Exercise directions. Write out word for word each line of the records, beginning at the first and stopping after the line with "ВЫ КОГДА-НИБУДЬ СТАРАЛИСЬ". Leave the pictures out.

Supplied records.
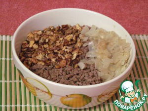 Лук мелко нарезать и обжарить. Мясо перекрутить через мясорубку. Грецкие орехи мелко порубить. Добавить половину нормы майонеза, соль по вкусу и тщательно перемешать.
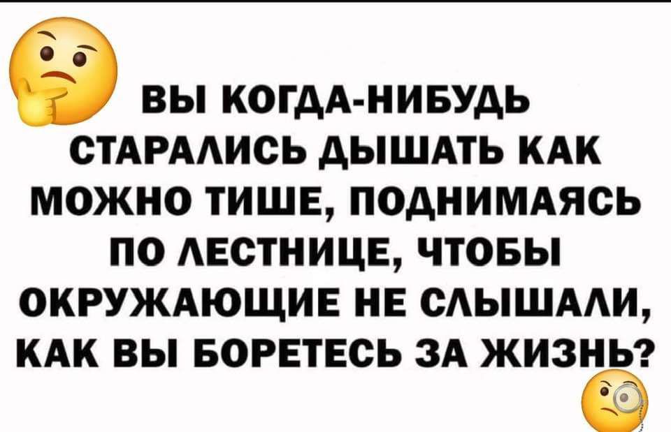 ВЫ КОГДА-НИБУДЬ СТАРАЛИСЬ ДЫШАТЬ КАК МОЖНО ТИШЕ, ПОДНИМАЯСЬ ПО ЛЕСТНИЦЕ, ЧТОБЫ ОКРУЖАЮЩИЕ НЕ СЛЫШАЛИ, КАК ВЫ БОРЕТЕСЬ ЗА ЖИЗНЬ?
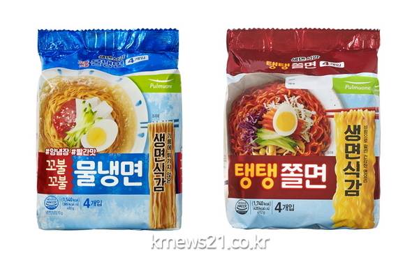 ▲ (사진=풀무원 생면식감 꼬불꼬불 물냉면(왼쪽), 생면식감 탱탱쫄면(오른쪽))시장조사기관 닐슨에 따르면 현재 국내 여름 라면시장은 정체된 전체 라면시장 내에서도 최근 3년간 평균 17.5%의 성장률을 보이며 약 1,400억 규모로 성장했다. 특히 비빔면 중심의 단조로운 메뉴와 경쟁 구도에서 다양한 신제품들이 나오며 새로운 시장을 형성하는 추세다.
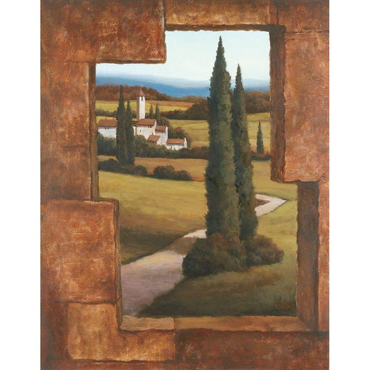 Toscany Vista II Black Modern Wood Framed Art Print with Double Matting by Unknown
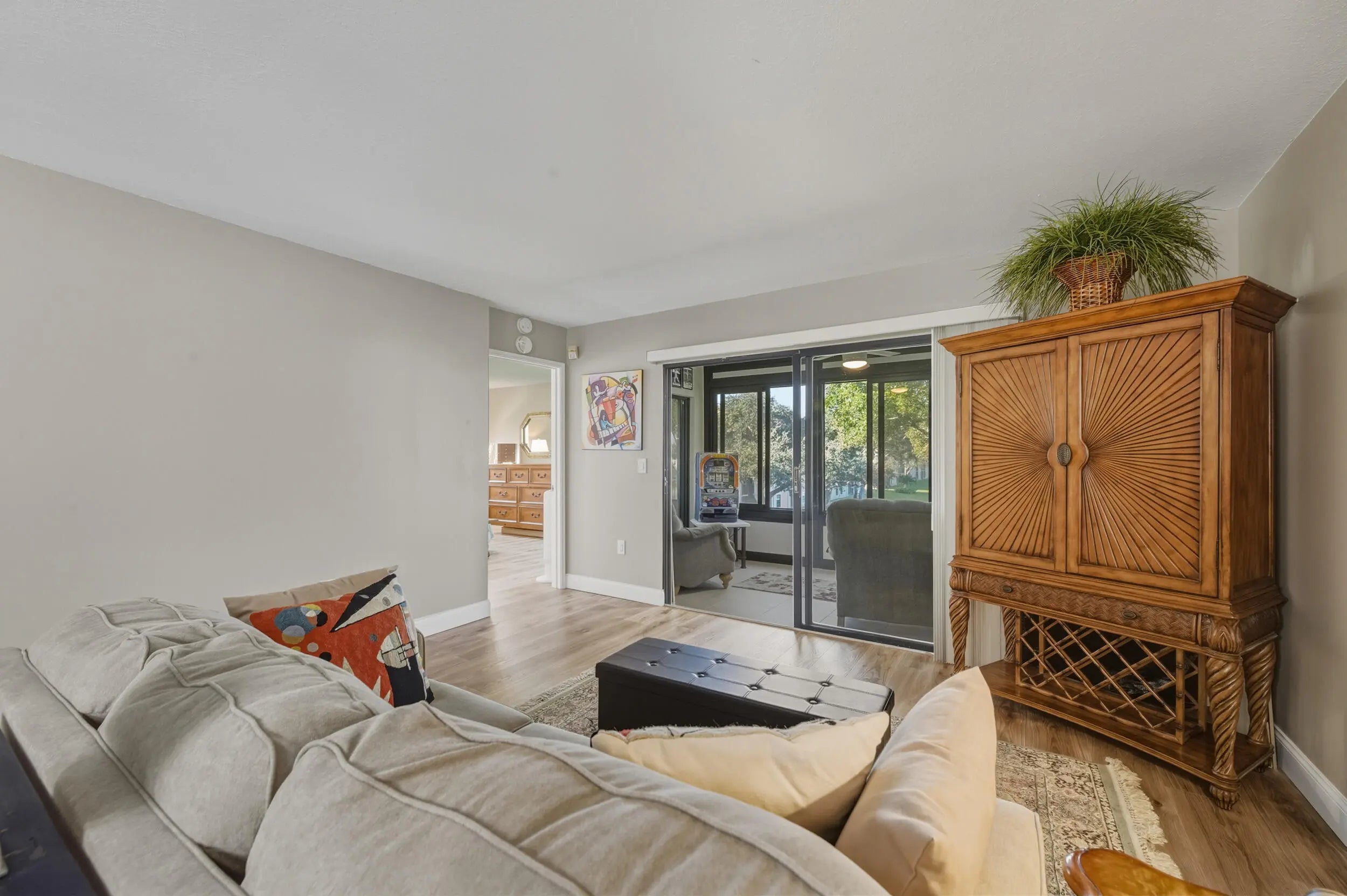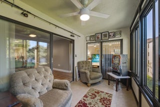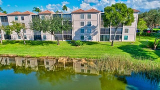 Beautiful 3rd-floor END UNIT in the desirable 55+ Huntington Pointe community with elevator access and 1,460 sq ft of bright, move-in-ready living space. Extra windows exclusive to end units fill the home with natural light. Features include a split floor plan, separate laundry room, and a versatile den/office. The oversized primary suite opens to a screened balcony with tranquil lake views. Additional highlights: new roof 2025, A/C 2023, tankless water heater 2022, all impact windows and sliders, and a nearby locked storage unit. Enjoy gated entry, clubhouse with theater, café, fitness center, and indoor/outdoor pools in this vibrant resort-style community.

Answer for the task.
 Лук мелко нарезать и обжарить. Мясо перекрутить через мясорубку. Грецкие орехи мелко порубить. Добавить половину нормы майонеза, соль по вкусу и тщательно перемешать.
 ВЫ КОГДА-НИБУДЬ СТАРАЛИСЬ ДЫШАТЬ КАК МОЖНО ТИШЕ, ПОДНИМАЯСЬ ПО ЛЕСТНИЦЕ, ЧТОБЫ ОКРУЖАЮЩИЕ НЕ СЛЫШАЛИ, КАК ВЫ БОРЕТЕСЬ ЗА ЖИЗНЬ?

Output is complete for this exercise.